= Beginning of Section =

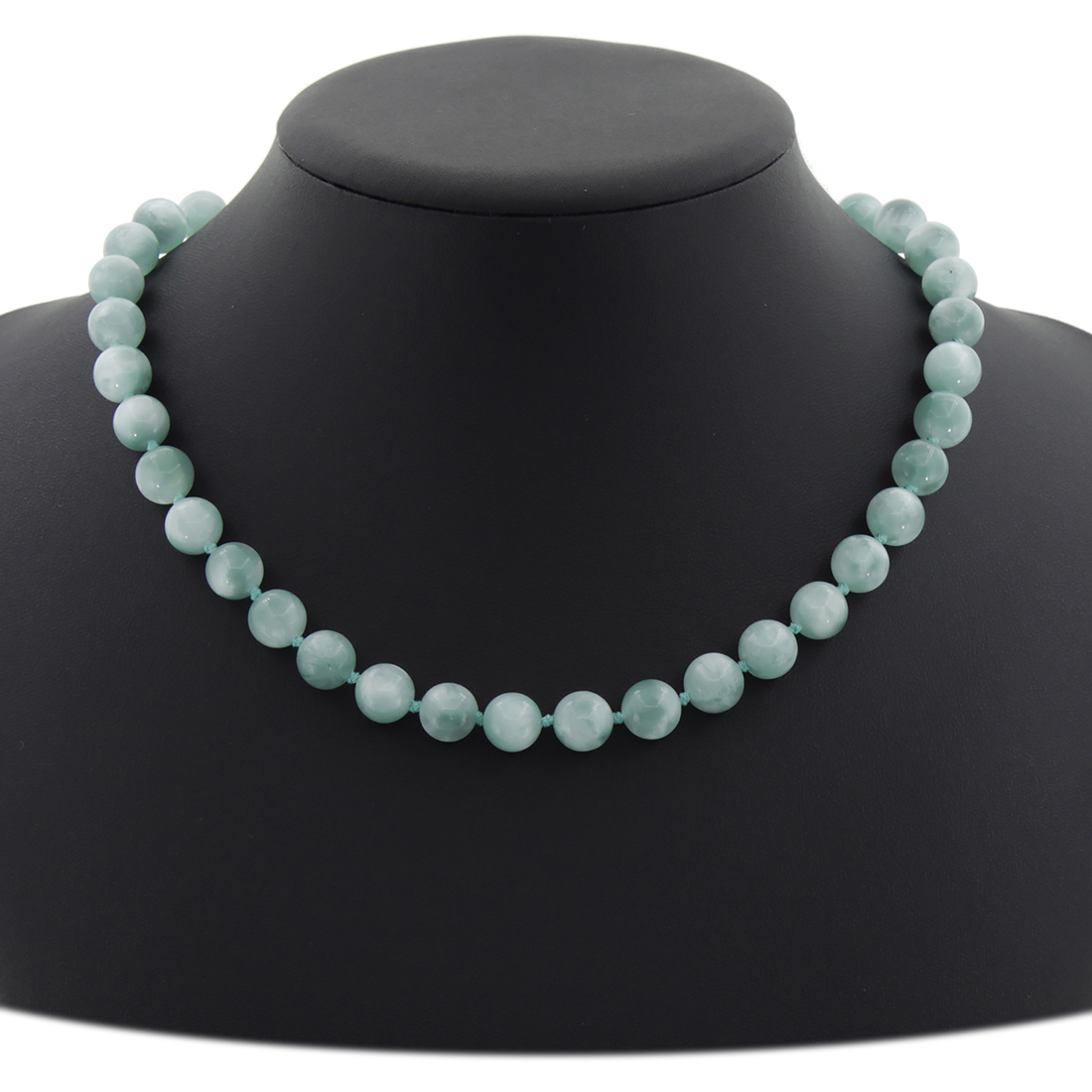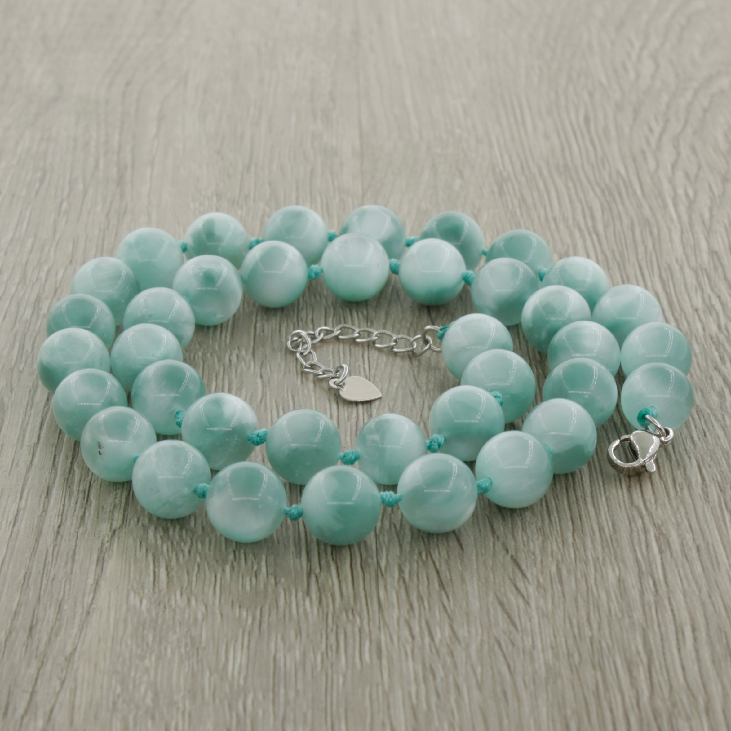 Бусы из натурального ангелита, бусины диаметром 10мм. Украшение на нити, с узелками через каждую бусину. Длина бус 46см, регулируется до 50см за счёт цепочки.
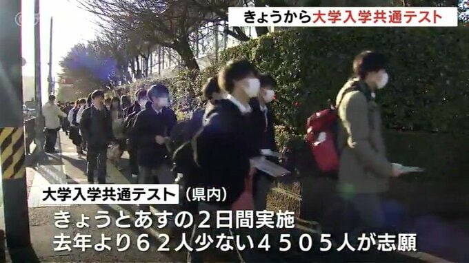 2日間で実施される大学入学共通テストで、県内の志願者数は、去年より62人少ない4505人となっています。
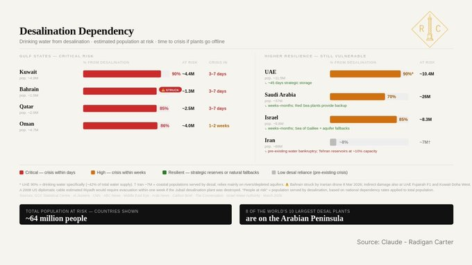 如果美以继续打击生命支撑基础设施,伊朗将对等报复,而随着防空拦截资源日益稀缺,打击这些设施将越来越容易。这是海湾国家和以色列一个不对称的致命弱点。该地区约有6400万人可能受到影响。这将引发一场人道主义和难民危机,与之相比,叙利亚内战都将显得微不足道,其后果将波及欧洲和土耳其。
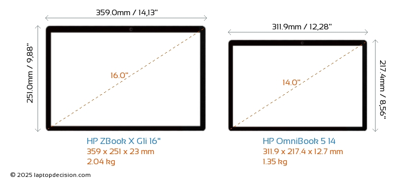 HDMI ZBook X G1i 16" dispose d'un port HDMI (1x HDMI 2.1) pour se connecter à des moniteurs externes. OmniBook 5 14 n'a pas de port HDMI.
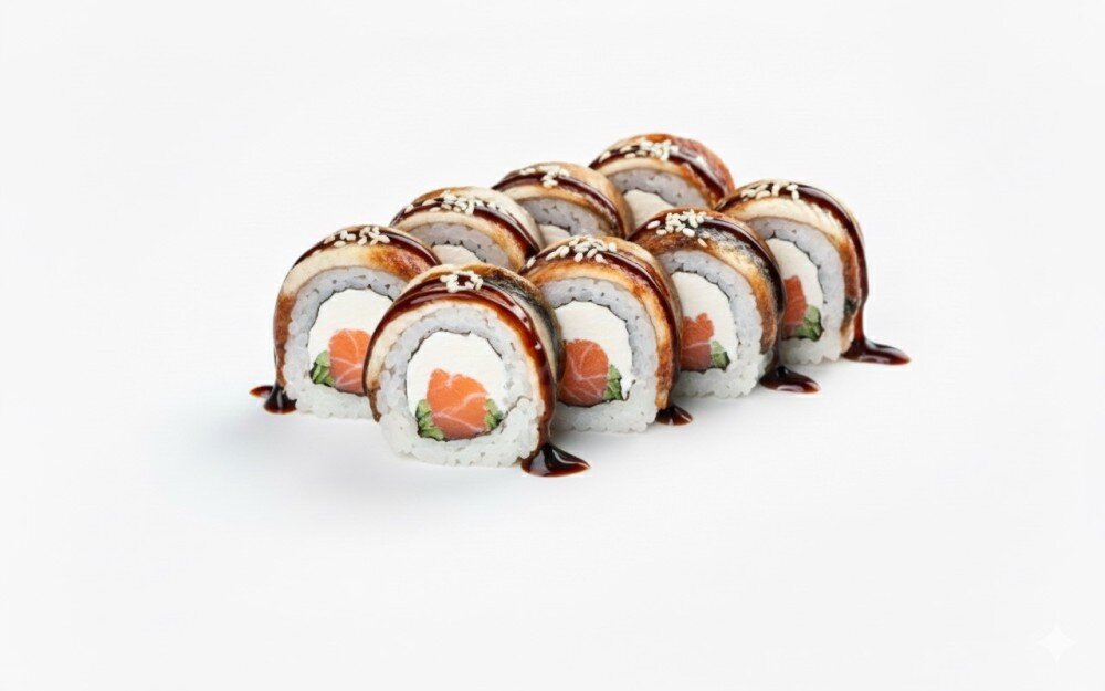 Рис SHINAKI, нори, творожный сыр, огурцы, лосось, угорь копченный, унаги соус, кунжут

= End of Section =

■ EXERCISE REQUIREMENTS
Please retype the material in full, exactly as it reads, apart from the images.

■ WRITTEN ANSWER
 Бусы из натурального ангелита, бусины диаметром 10мм. Украшение на нити, с узелками через каждую бусину. Длина бус 46см, регулируется до 50см за счёт цепочки.
 2日間で実施される大学入学共通テストで、県内の志願者数は、去年より62人少ない4505人となっています。
 如果美以继续打击生命支撑基础设施,伊朗将对等报复,而随着防空拦截资源日益稀缺,打击这些设施将越来越容易。这是海湾国家和以色列一个不对称的致命弱点。该地区约有6400万人可能受到影响。这将引发一场人道主义和难民危机,与之相比,叙利亚内战都将显得微不足道,其后果将波及欧洲和土耳其。
 HDMI ZBook X G1i 16" dispose d'un port HDMI (1x HDMI 2.1) pour se connecter à des moniteurs externes. OmniBook 5 14 n'a pas de port HDMI.
 Рис SHINAKI, нори, творожный сыр, огурцы, лосось, угорь копченный, унаги соус, кунжут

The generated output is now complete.